Commentary: Tax incentives to attract data centers in Quincy have paid off

By Jim Russell
Empire Press Correspondent

Ron Cridlebaugh, economic development manager for the Port of Douglas County, has heard the criticisms that new businesses like data centers would hog electrical power and wouldn’t generate many jobs. Data centers are warehouse-size buildings with masses of computers routing Internet traffic and storing data for cloud computing.

So he studied the descriptive statistics in the 2015 report on sales and use data from the Washington State Department of Revenue to see how much benefit Quincy enjoys from the eight data centers that located in the Port of Quincy beginning in 2006.

 

Ron Cridlebaugh is economic development manager for the Port of Douglas County. (Provided photo)

Ron Cridlebaugh is economic development manager for the Port of Douglas County. (Provided photo)

 

Sen. Judy Warnick, R-Moses Lake, was the original sponsor of the Washington Data Center Bill that offered tax incentives for data centers moving to Washington state.

The legislation, RCW 82.08.9686, created an exemption from the sales and use tax for qualifying data centers locating on Port of Quincy industrial land. Tax exemptions cut the cost of server equipment and power infrastructure and investments in the charges for labor and services to install them.

Data centers in Quincy have made a whopping improvement in the economic development and quality of municipal amenities for residents.

Cridlebaugh’s analysis shows Quincy had $64 million in taxable retail sales in 2006 and $490 million in 2015, meaning Quincy has $426 million more in taxable retail sales per year.

Property tax revenue also soared.

Cridlebaugh says in 2015, “Quincy’s top 10 property owners by value contained eight data centers, compared to none in 2006.” The total property value of the top 10 companies was $2.054 billion compared to $313 million in 2006.
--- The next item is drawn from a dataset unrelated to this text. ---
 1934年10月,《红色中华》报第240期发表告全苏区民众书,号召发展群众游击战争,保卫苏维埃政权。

Quincy’s property tax revenue due increased from $810,000 in 2006 to $3.675 million in 2015, an increase of $2.865 million per year.

Homeowners are paying less in taxes because the tax levy per thousand dollars is $1.13 less than it was in 2006 despite a modest increase in housing prices. In a Port of Quincy video (https://www.youtube.com/watch?v=lN4lSBCJxyM on YouTube), Quincy Schools Superintendent John Boyd said, “Well, it’s a great advantage for a superintendent, where you can collect more money and actually ask the voters to pay less.”
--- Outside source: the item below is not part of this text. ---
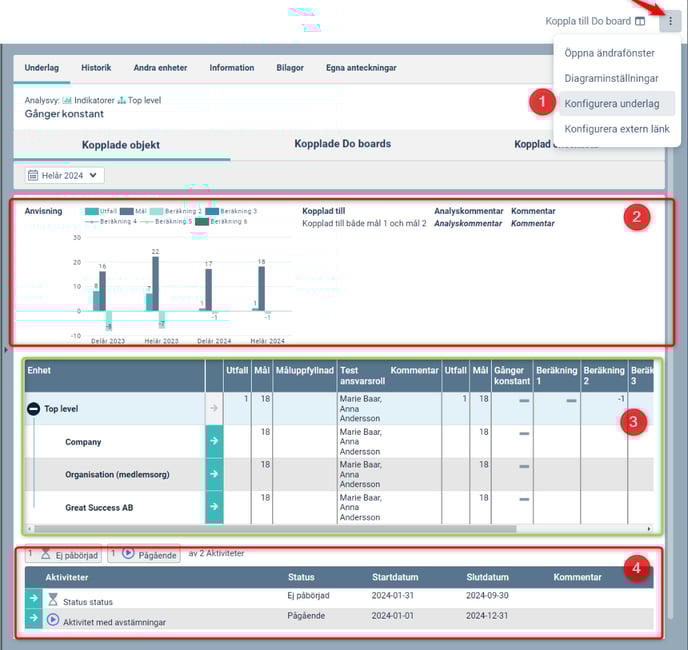 Konfigurera analysvyerna för att få bästa möjliga underlag när ni följer upp mål, mått och aktiviteter.

Data centers pay employees well based on Cridlebaugh’s study of employment reports from the Washington Department of Revenue.
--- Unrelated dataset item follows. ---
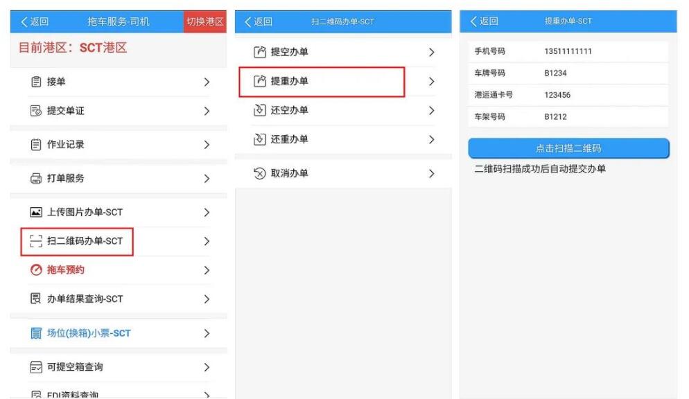 根據(jù)《廣東省道路貨物運(yùn)輸源頭超限超載治理辦法》的相關(guān)規(guī)定,碼頭不得放行超限超載的車輛出閘,為確保車輛滿足配載要求, 9月10日08:00起提重箱(包括進(jìn)口重箱、退運(yùn)出口重箱),司機(jī)進(jìn)閘前必須在“進(jìn)港申報(bào)”APP進(jìn)行申報(bào),申報(bào)成功后方可進(jìn)港提柜,其他提重箱流程維持不變。
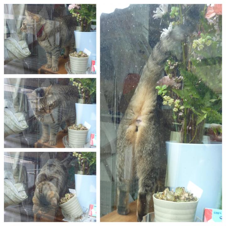 私の車の下で一休みする時は、手が届きそうで届かない絶妙な位置取り

Eight out of every 10 employees earn more than $30 per hour. He said, “Over 90 percent of the employees are full time and eligible for medical and retirement benefits,” he said. “Data shows for every one data center employee there are 2.4 direct new jobs such as outside contractors to repair and install HVAC equipment, provide security services and grounds maintenance.”

Jim Hemberry, mayor of Quincy, was quoted Nov. 19, 2012 on “Today in America with Terry Bradshaw” saying, “We’re committed to reinvesting in our community by making improvements in our parks, police and fire protection, community facilities, and projects like our new public library. Quincy Public Library.”

Jonathan Smith, executive director of Grant County Economic Development, said, “Grant County and Quincy in particular have developed over the past eight years a series and set of infrastructure that typically is only found in metropolitan areas like Seattle.”

Quincy took immediate advantage of the tax break, but wooing data centers is much more competitive now. Cridlebaugh recently returned from economic development conferences where municipalities have recognized the significant advantages of attracting data centers. “They are offering millions of dollars in incentives to compensate for the fact they don’t have the low power rates we have.”